Referring to fig. 1, one end of the spring damper is fixed to the third platform 430, and the second platform 420 is provided with a top support 210 corresponding to the spring damper, for fixing one end of the spring damper facing the second platform 420, so that the structural stability of the spring damper in use can be improved, and the vibration damping performance of the spring damper can be improved. Preferably, the top support 210 may be disposed at an end of the second platform 420 opposite to the third platform 430, a through hole may be formed at a position of the second platform 420 corresponding to the top support 210, and the spring damper may be fixed to the top support 210 through the through hole, such that the contact range between the spring damper and the second platform 420 may be expanded, but is not limited thereto, and any configuration is within the scope of the present patent.
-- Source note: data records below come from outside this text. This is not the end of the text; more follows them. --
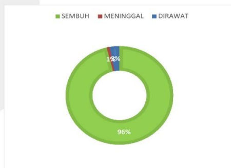
PERSENTASE KONDISI PASIEN COVID-19 KABUPATEN SERUYAN
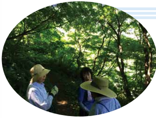
高尾山登山口周辺散策
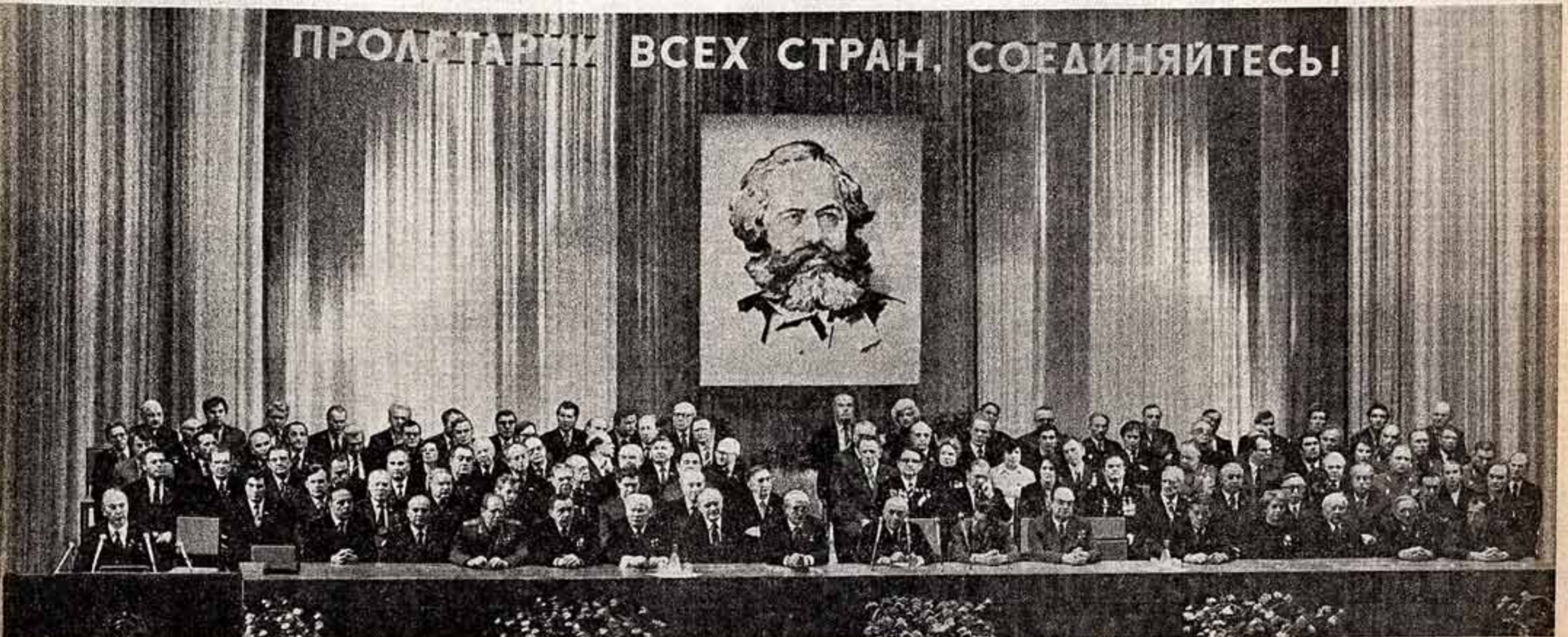
Москва, 30 марта 1983 года. Большой театр Союза ССР. Во время торжественного заседания, посвященного 165-летию со дня рождения и 100-летию со дня смерти Карла Маркса.
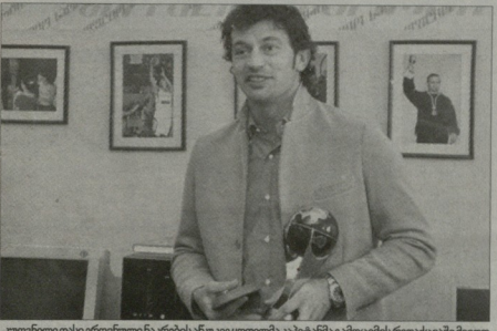
ყოველთვიური 100-ლარიანი სტიპენდიის გველ უკეთი გამოკითხვიმ მე-2 და მე-3 ადგილებზე გასული დღეით ოთარეშაძის (474 ხმა) და ვაჟა მადლობა (168 ხმა) პირველ დამირიბებლებს - ავთანდელ ნადირაშვილებსა და ვაჩა მახარაძეს.
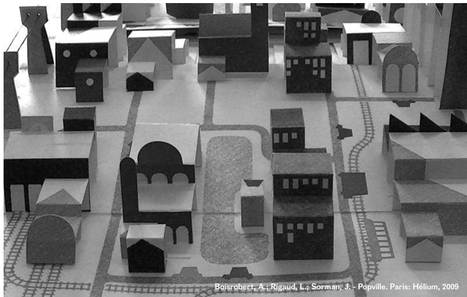
Boisrobert, A.; Rigaud, L.; Sorman, J. - Popville. Paris: Hélicium, 2009

As cidades são locais pensados e construídos para as pessoas.
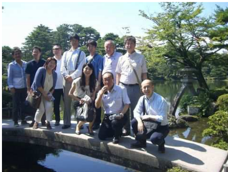
兼六園 美しい緑の中で

株式会社豆蔵ホールディングス、株式会社ミクロスソフトウェア、JBアドバンスト・テクノロジー株式会社、株式会社eBookCloud、オデッセイヒューマンシステム株式会社、株式会社建設ドットウェブ、日本事務器株式会社、株式会社ピーエスシー、Y'sラーニング株式会社、一般社団法人コンピュータソフトウェア協会
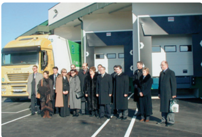
↓ Del Intereuropine ekipe pred dovozi za nakladanje in razkladanje.

V zadnjih mesecih se druga za drugo vrstijo otvoritve novih skladišč in logističnih zmogljivosti na Hrvaškem, ki smo jih pričeli graditi v lanskem letu. Enega večjih tovrstnih objektov smo 23. januarja odprli v Zadru.

In this embodiment, referring to fig. 1, the first rotating assembly 110 and the second rotating assembly 120 are both installed between the first platform 410 and the second platform 420 to adjust the inclination of the first platform 410 relative to the second platform 420, so that the first platform 410 is kept stable. The first rotating assembly 110 and the second rotating assembly 120 are active vibration damping formed under the control of the sensing module 300, and are arranged in series, so that the first rotating assembly and the second rotating assembly can be used for effectively damping low-frequency and high-amplitude vibration. Further, the first rotation assembly 110 and the second rotation assembly 120 are connected in series with a spring damper, and are used together for damping vibration of a device such as a seat. That is to say, the first rotating assembly 110, the second rotating assembly 120, the spring damper and the suspension system of the vehicle provided in this embodiment form a self-balancing vibration damping mode based on passive-active-passive vibration damping-self-balancing, so that the stability and comfort of the vehicle during the driving process are greatly improved.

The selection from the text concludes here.